* Try it *
Everything in the records must be copied exactly except the pictures.

* Records for this exercise *
^^^^^^^^

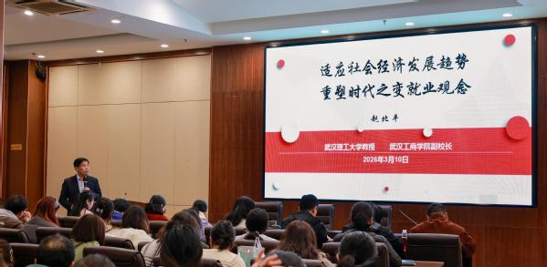 新闻中心讯(特约记者 周小莎)3月10日下午,由武汉工商学院招生与就业工作部主办的“适应社会经济发展趋势 重塑时代之变就业观念”专题讲座在图书馆0102报告厅举行。教育部全国高等学校就业创业指导委员会委员、创新创业教育专家、武汉工商学院副校长赵北平应邀担任主讲,各学院党总支书记、全体辅导员、大学生职业生涯规划与就业指导课程教师等百余人参加了本次讲座。
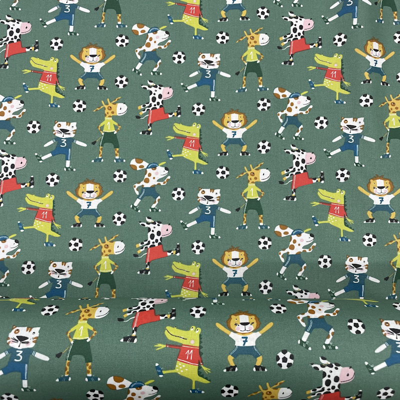 Beschichtete Baumwolle mit kleinen Tieren auf dem Fußballfeld
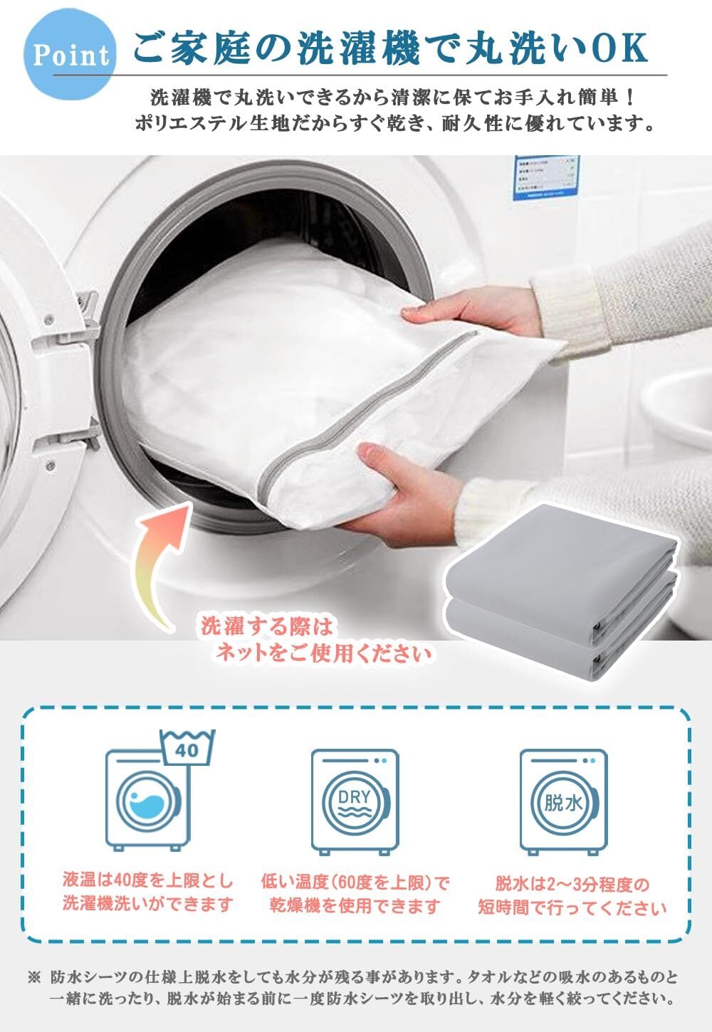 「製品詳細」<サイズ >:2枚入り、<サイズ >:部分使い用 - 100x140cm (洗濯可能・乾燥機使用可能)、<素材・材質>:表地 - 100% ポリエステル :裏地 - TPU防水層、<入数>:2枚組、<カラー>:グレー、「洗濯機で丸洗いOK※洗濯ネットをご使用ください」。「品質表示」日本語洗濯表示タグ(洗濯機(洗濯ネット使用)
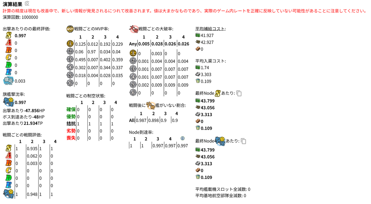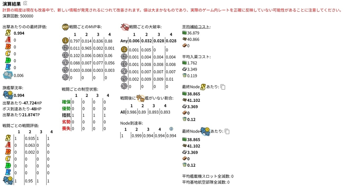 4番艦のMVP率がかなり低く出ています。おそらく設定か何かがおかしいです。実際時雨を旗艦にしたことあまりないので、1周1.1以上は取っているとみて間違いないです。
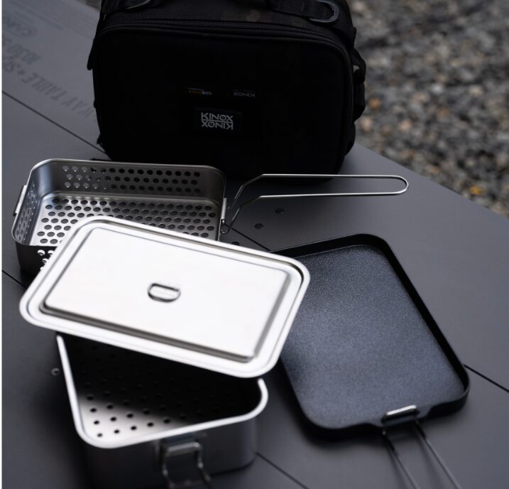 เพิ่มเมนูนึ่งให้กับมื้ออาหารแคมป์ปิ้งของคุณได้อย่างง่ายดาย ด้วยแผ่นรองสำหรับนึ่งจาก KINOX ที่ออกแบบมาโดยเฉพาะเพื่อใช้งานร่วมกับหม้อสนาม KINOX (Mess tin) ผลิตจากสแตนเลสสตีล STS304 คุณภาพสูง แข็งแรง ทนทาน และปลอดภัยต่อการประกอบอาหาร สามารถวางลงในหม้อสนามได้อย่างพอดี ทำให้คุณสร้างสรรค์เมนูนึ่งเพื่อสุขภาพได้ทุกที่ทุกเวลา
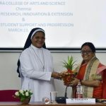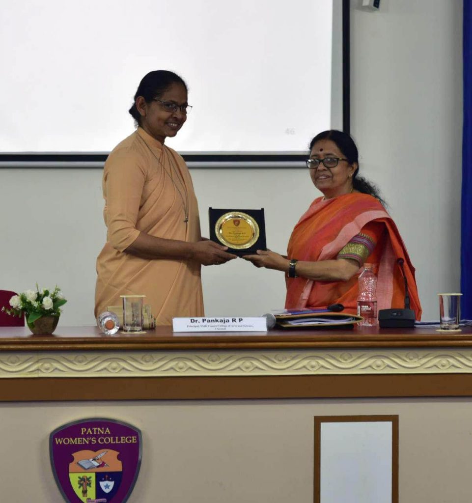 The Resource Person Dr. R.P. Pankaja, Principal SMK Fomra College of Arts and Sciences, Chennai was felicitated by the Vice Principal Dr. Sr. M. Tanisha A.C with a memento.
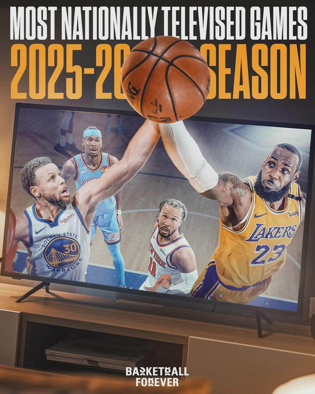 北京时间8月15日,NBA公布了新赛季的完整赛程,各队全美直播场次如下:湖人、勇士、雷霆和尼克斯均是34场,并列联盟第一;森林狼与火箭均为28场,紧随其后。接下来是掘金26场,凯尔特人25场,骑士24场,独行侠23场。
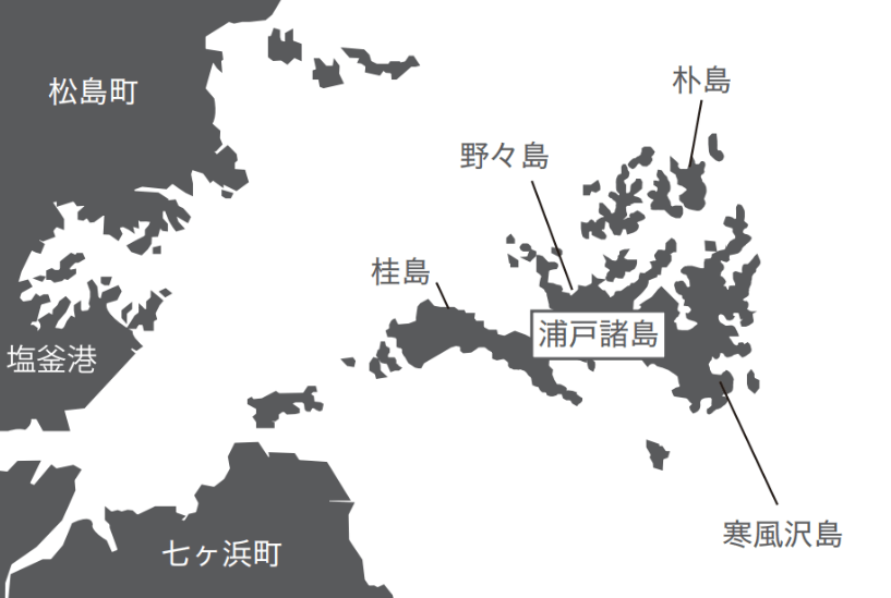 このうち塩竈市に位置する浦戸諸島は、4つの有人島(寒風沢島、野々島、桂島、朴島)から成る離島群である。日本三景の一つ「特別名勝松島」を形成する景観に含まれ、特別保護地区、第1種保護地区、第2種保護地区に指定されている。
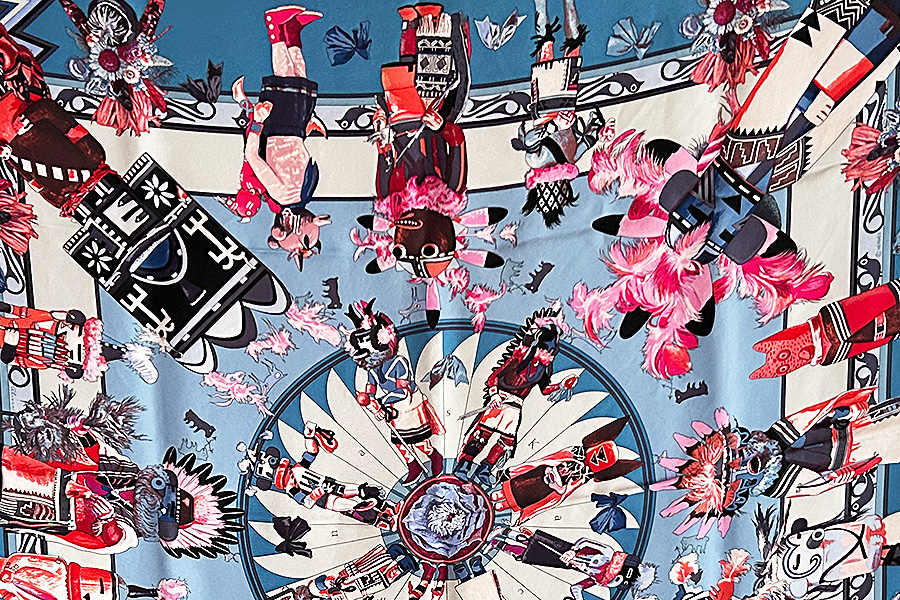 エルメス KACHINAS カレ ウォッシュ90 071823S RD/BLEU JEAN/ROSE VIF

^^^^^^^^

* Reply to the exercise *
 新闻中心讯(特约记者 周小莎)3月10日下午,由武汉工商学院招生与就业工作部主办的“适应社会经济发展趋势 重塑时代之变就业观念”专题讲座在图书馆0102报告厅举行。教育部全国高等学校就业创业指导委员会委员、创新创业教育专家、武汉工商学院副校长赵北平应邀担任主讲,各学院党总支书记、全体辅导员、大学生职业生涯规划与就业指导课程教师等百余人参加了本次讲座。
 Beschichtete Baumwolle mit kleinen Tieren auf dem Fußballfeld
 「製品詳細」<サイズ >:2枚入り、<サイズ >:部分使い用 - 100x140cm (洗濯可能・乾燥機使用可能)、<素材・材質>:表地 - 100% ポリエステル :裏地 - TPU防水層、<入数>:2枚組、<カラー>:グレー、「洗濯機で丸洗いOK※洗濯ネットをご使用ください」。「品質表示」日本語洗濯表示タグ(洗濯機(洗濯ネット使用)
 4番艦のMVP率がかなり低く出ています。おそらく設定か何かがおかしいです。実際時雨を旗艦にしたことあまりないので、1周1.1以上は取っているとみて間違いないです。
 เพิ่มเมนูนึ่งให้กับมื้ออาหารแคมป์ปิ้งของคุณได้อย่างง่ายดาย ด้วยแผ่นรองสำหรับนึ่งจาก KINOX ที่ออกแบบมาโดยเฉพาะเพื่อใช้งานร่วมกับหม้อสนาม KINOX (Mess tin) ผลิตจากสแตนเลสสตีล STS304 คุณภาพสูง แข็งแรง ทนทาน และปลอดภัยต่อการประกอบอาหาร สามารถวางลงในหม้อสนามได้อย่างพอดี ทำให้คุณสร้างสรรค์เมนูนึ่งเพื่อสุขภาพได้ทุกที่ทุกเวลา
 The Resource Person Dr. R.P. Pankaja, Principal SMK Fomra College of Arts and Sciences, Chennai was felicitated by the Vice Principal Dr. Sr. M. Tanisha A.C with a memento.
 北京时间8月15日,NBA公布了新赛季的完整赛程,各队全美直播场次如下:湖人、勇士、雷霆和尼克斯均是34场,并列联盟第一;森林狼与火箭均为28场,紧随其后。接下来是掘金26场,凯尔特人25场,骑士24场,独行侠23场。
 このうち塩竈市に位置する浦戸諸島は、4つの有人島(寒風沢島、野々島、桂島、朴島)から成る離島群である。日本三景の一つ「特別名勝松島」を形成する景観に含まれ、特別保護地区、第1種保護地区、第2種保護地区に指定されている。
 エルメス KACHINAS カレ ウォッシュ90 071823S RD/BLEU JEAN/ROSE VIF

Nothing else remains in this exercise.